The Webb Telescope’s Powerful Capabilities
The Webb Telescope is a scientific collaboration between NASA, ESA and the Canadian Space Agency, designed to peer into the deepest depths of space and reveal new insights into the early universe. But it’s not just the planets and moons of our solar system, it’s also observing intriguing planets in our galaxy.
Here’s how Webb achieved this unparalleled feat and will likely continue to do so for decades to come.
– Giant Mirror: Webb’s mirror will capture light, but it’s more than 21 feet in diameter, more than 2.5 times larger than the Hubble Space Telescope’s mirror. By capturing more light, Webb can see more distant and ancient objects. As mentioned above, the telescope will peer into stars and galaxies that formed more than 13 billion years ago, just a few hundred million years after the Big Bang. “We’ll be looking at the first stars and galaxies that formed in history,” Gene Clayton, an astronomer and director of the Manfred Olson Planetarium at the University of Wisconsin-Milwaukee, told Mashable in 2021.

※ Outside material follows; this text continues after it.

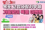 [ 중앙뉴스미디어 ] 목포시는 깊어가는 가을을 맞아 10월 20일부터 ‘땡스기부~고향사랑기부제 가을맞이 특별 이벤트’를 진행한다고 밝혔다. 이번 이벤트는 10월 20일부터 고향사랑기부제를 통해 목포시에 10만 원 이상 기부하고 답례품을 신청한 기부자를 대상으로 하며, 별도의 응모 절차 없이 자동 참여된다. 선착순 500명에게 네이버페이 포인트 5,000원 쿠폰이 지급된다. 네이버페이 포인트 쿠폰은 간편하게 사용할 수 있는 디지털 경품으로, 기부자들이 실질적인 혜택을 체감할 수 있도록 마련됐다. 특히 10만 원 기부 시 ▲전액 세액공제 혜택 ▲3만 원 상당의 답례품 ▲5천 원 포인트 추가 혜택까지 받아 만족도가 더욱 높을 것으로 기대된다. 시는 이번 이벤트를 통해 고향사랑기부제 참여를 확대하고 건전한 기부문화 확산을 도모할 계획이다. 시 관계자는 “풍성한 가을을 맞아 목포에 따뜻한 마음을 보내주신 기부자분들께 감사드린다”며 “고향을 사랑하는 마음이 지역 발전으로 이어질 수 있도록 많은 관심과 참여를 부탁드린다”고 말했다. 이번 이벤트 관련 자세한 내용은 목포시 누리집과 SNS, 또는 전화를 통해 확인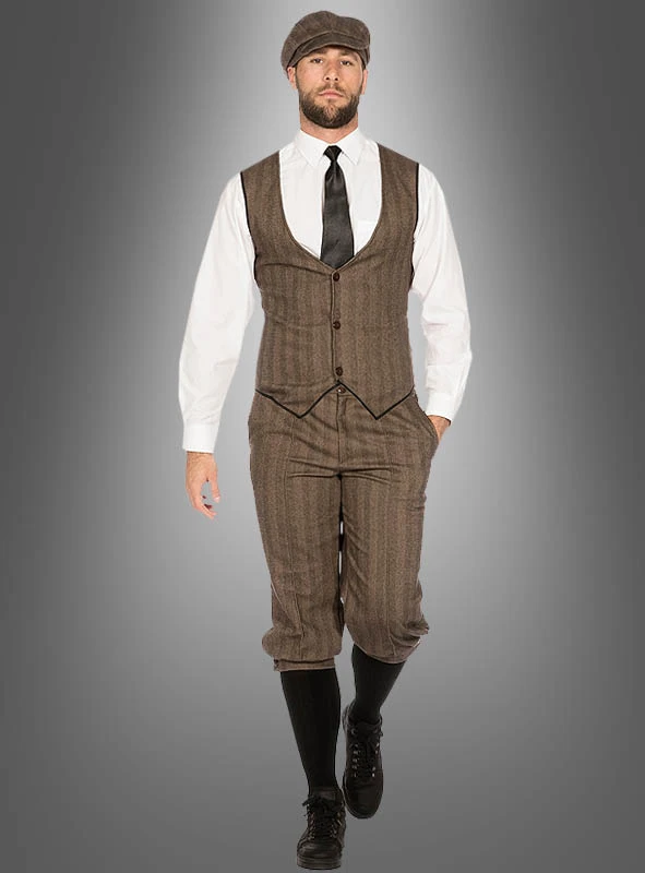 Mit Knickerbocker Kniebundhose und Schiebermütze zur Mottoparty! Die 20er Jahre Mode spiegelt sich wider im Kostüm John. Weicher Webstoff in Fischgrätmuster und TOP Qualität zeichnen dieses Herrenkostüm aus und machen es zu etwas Besonderem.

– Infrared view: While the Hubble Telescope primarily sees light visible to our eyes, the Webb Telescope is primarily an infrared telescope, meaning it sees light in the infrared spectrum. This allows us to see a much wider range of the universe. Because infrared light has a longer wavelength than visible light, light waves pass through cosmic clouds more efficiently; the light doesn’t collide with and get scattered as often by these dense particles. Ultimately, the Webb Telescope’s infrared vision can reach places the Hubble Telescope can’t.
“It lifts the veil,” Clayton said.
– Peeking into distant exoplanets: Webb Telescope It is equipped with a special instrument called a spectrometer. This instrument will revolutionize our understanding of these far-away worlds. It will be able to decipher what molecules (such as water, carbon dioxide, and methane) are present in the atmospheres of far-away exoplanets, including gas giants and small rocky planets. Webb will be observing exoplanets in our Milky Way galaxy. Who knows what we’ll find?

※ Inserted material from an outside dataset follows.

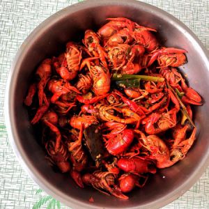 龙虾放入炒香的大料中,加耗油,盐,进行翻炒,然后加入准备好的两罐啤酒,适当的热水,莫过龙虾即可,然后再加入盐,豆瓣酱,小茴香,辣椒粉,八角,花椒一起煮,小火煮十五分钟。期间可以用汤匙或者筷子尝一尝汤汁的口感,如果不够咸不够辣自己可以适当调整,(这里汤汁一定要比平常咸,不然龙虾入不了味。)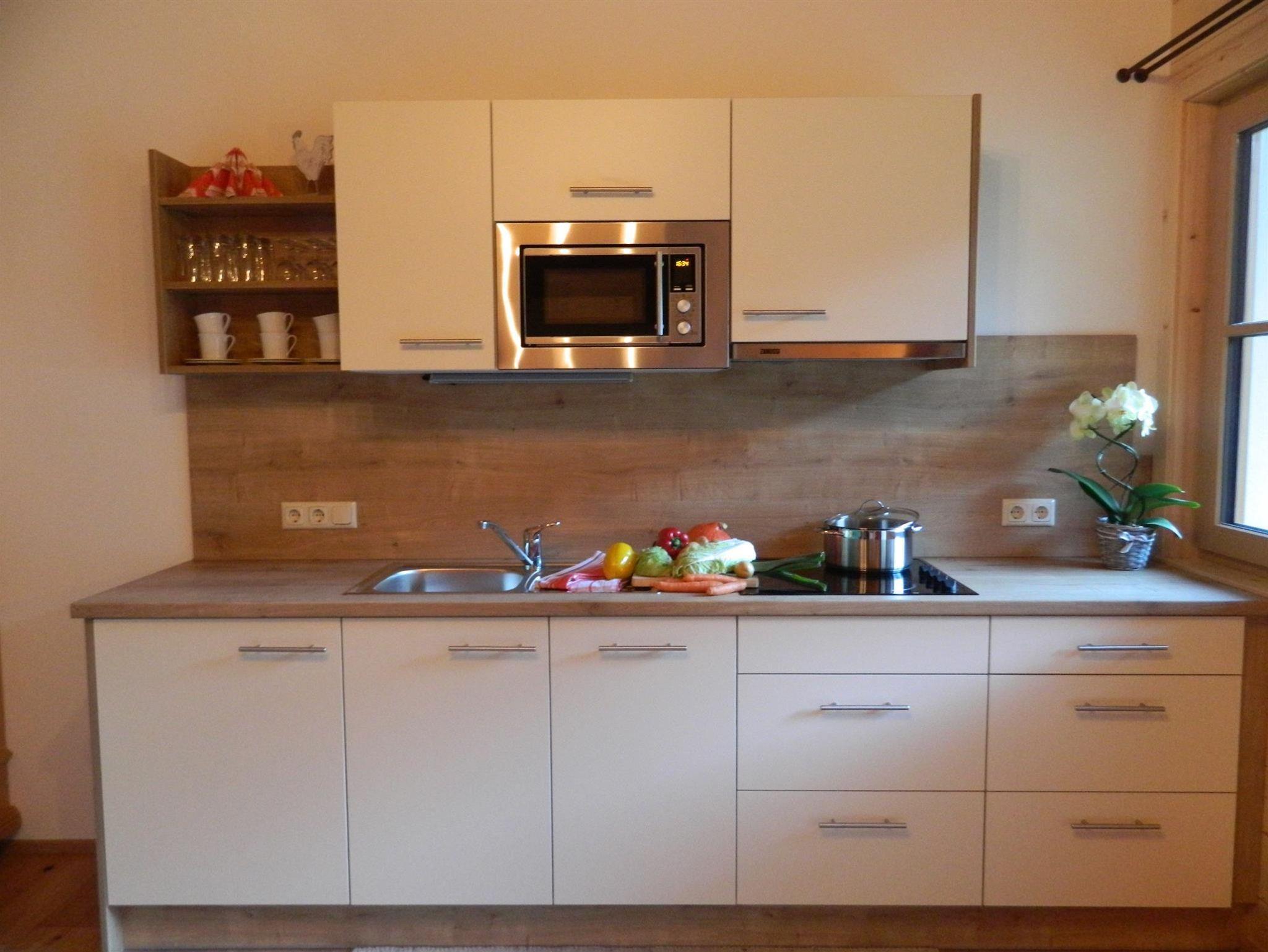 Bestehend aus einem hellen Wohnraum mit Essecke, Küchenzeile und einem Sofa (als 3. Bett).

“We may learn things we’ve never thought about before,” Mercedes Lopez Morales, an exoplanet researcher and astrophysicist at the Harvard-Smithsonian Center for Astrophysics, told Mashable in 2021.
Astronomers have already managed to discover intriguing chemical reactions on a planet 700 light-years away, and have begun searching for Earth-sized rocky planets in the TRAPPIST solar system, one of the most promising places in the universe.